§ **Assignment**: If pictures appear, leave them out, and return exactly the lines from the one holding "Low Waist Layered" through the last line of the listing below.

§ **Exercise data**:
================

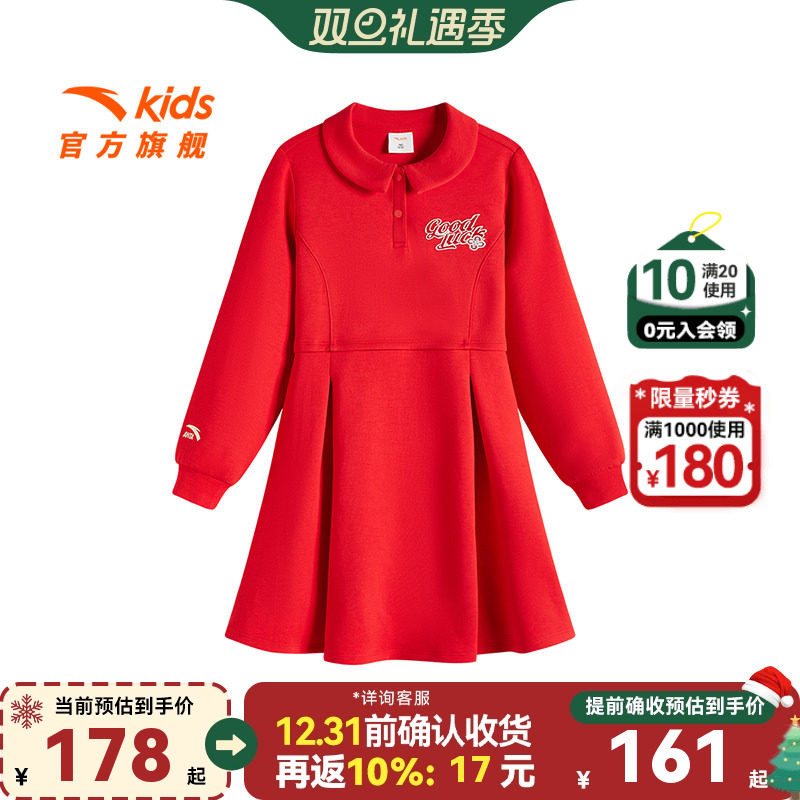 安踏儿童女大童针织连衣裙2026春季新款舒适百搭中大童红色长袖裙
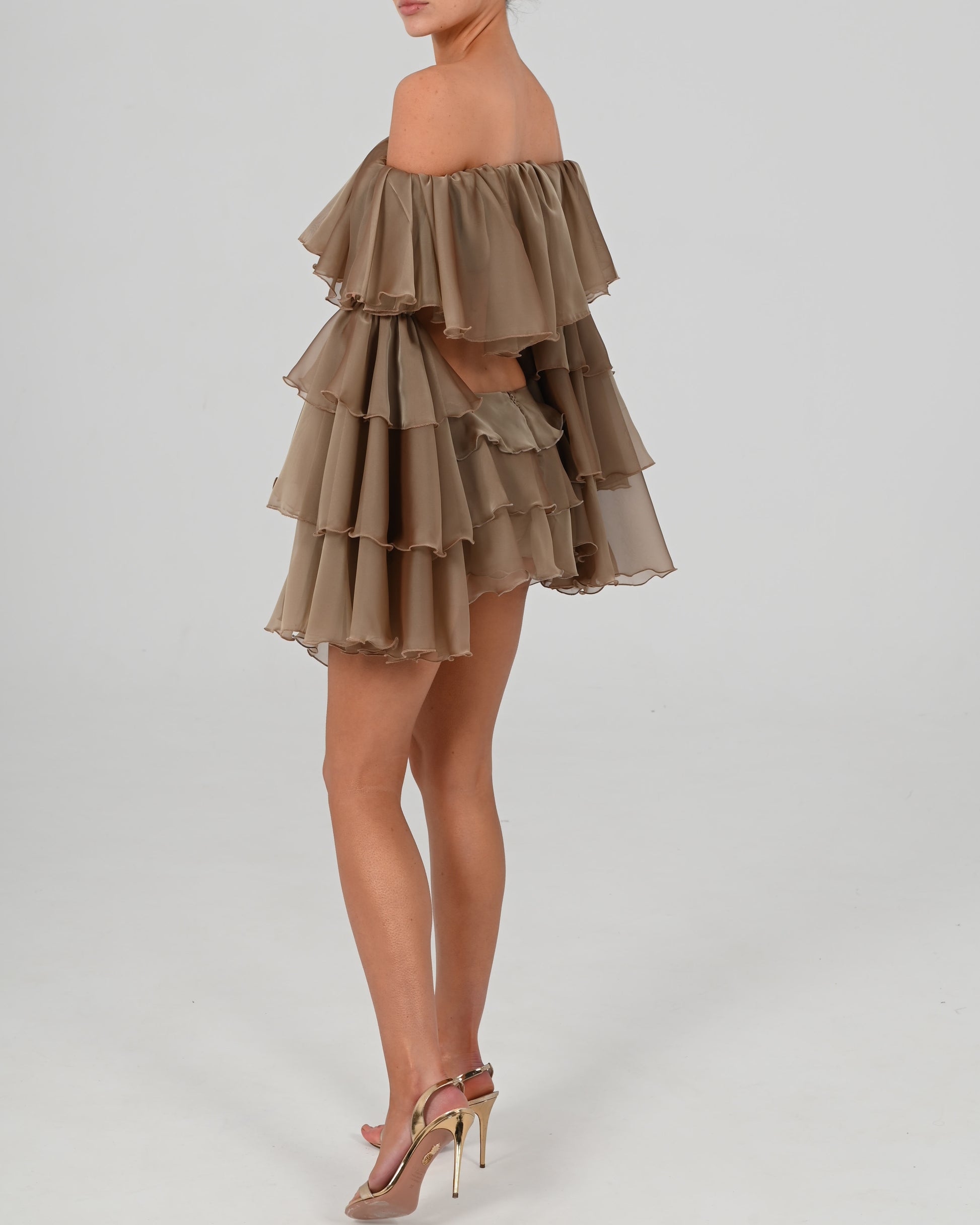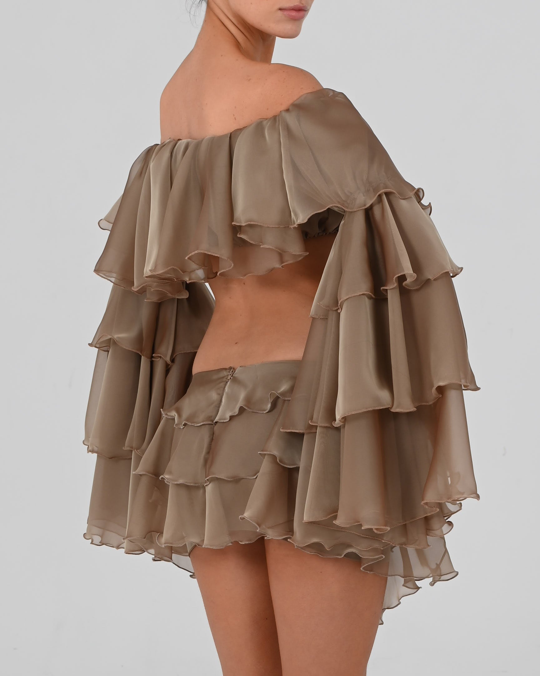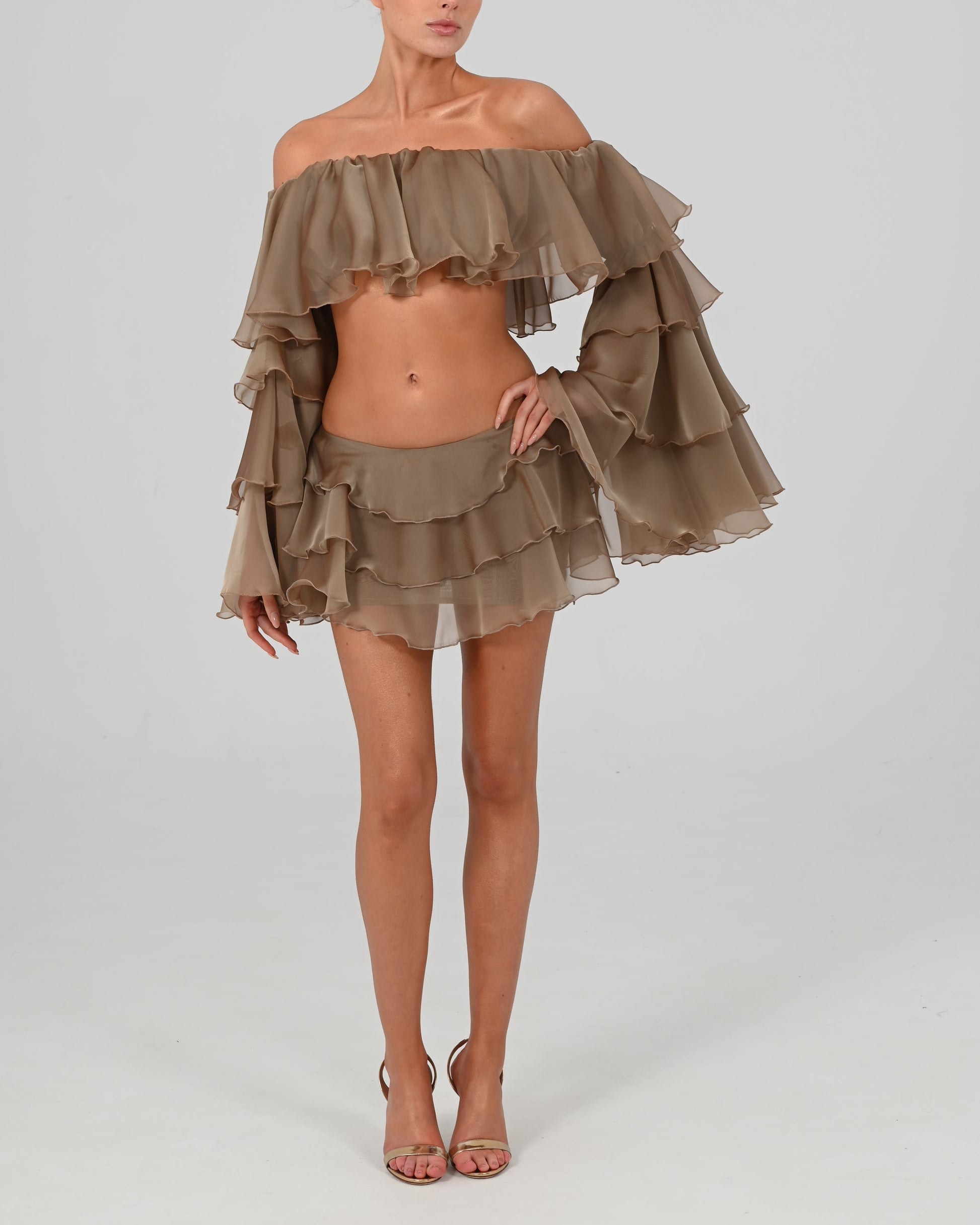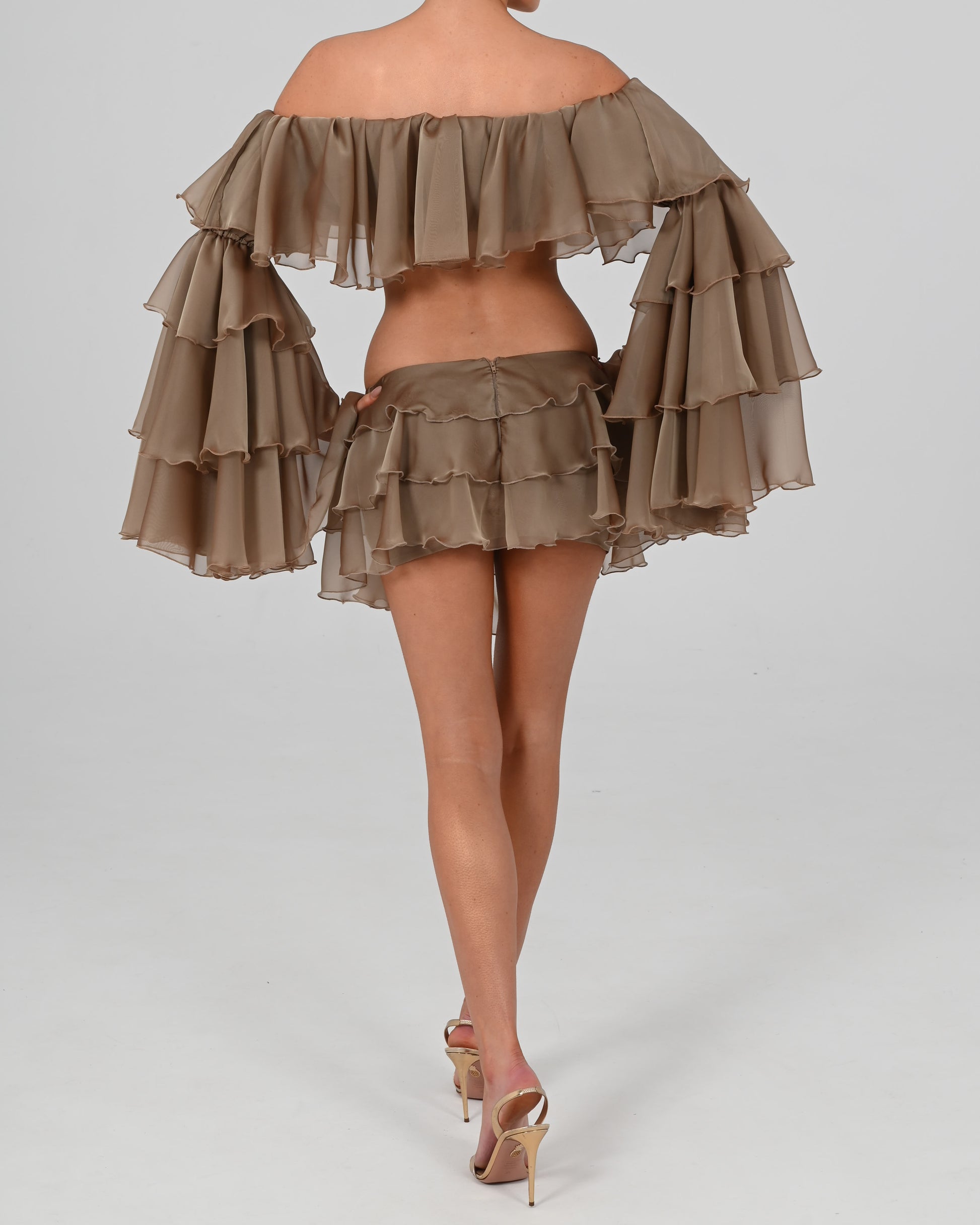 Low Waist Layered Chiffon Mini Skirt with Frill Detail
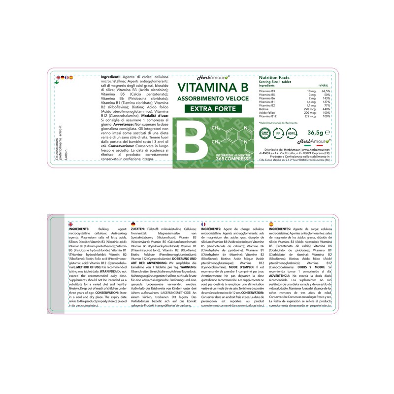 VITAMIN B EXTRA STARK | 365 Tabletten (12-Monats-Vorrat) | Vitamin-B-Komplex mit Vitamin B1, B2, B3, B5, B6, B12, Biotin, Folsäure | Gluten- und laktosefrei

================

§ **Answer to this problem**:
 Low Waist Layered Chiffon Mini Skirt with Frill Detail
 VITAMIN B EXTRA STARK | 365 Tabletten (12-Monats-Vorrat) | Vitamin-B-Komplex mit Vitamin B1, B2, B3, B5, B6, B12, Biotin, Folsäure | Gluten- und laktosefrei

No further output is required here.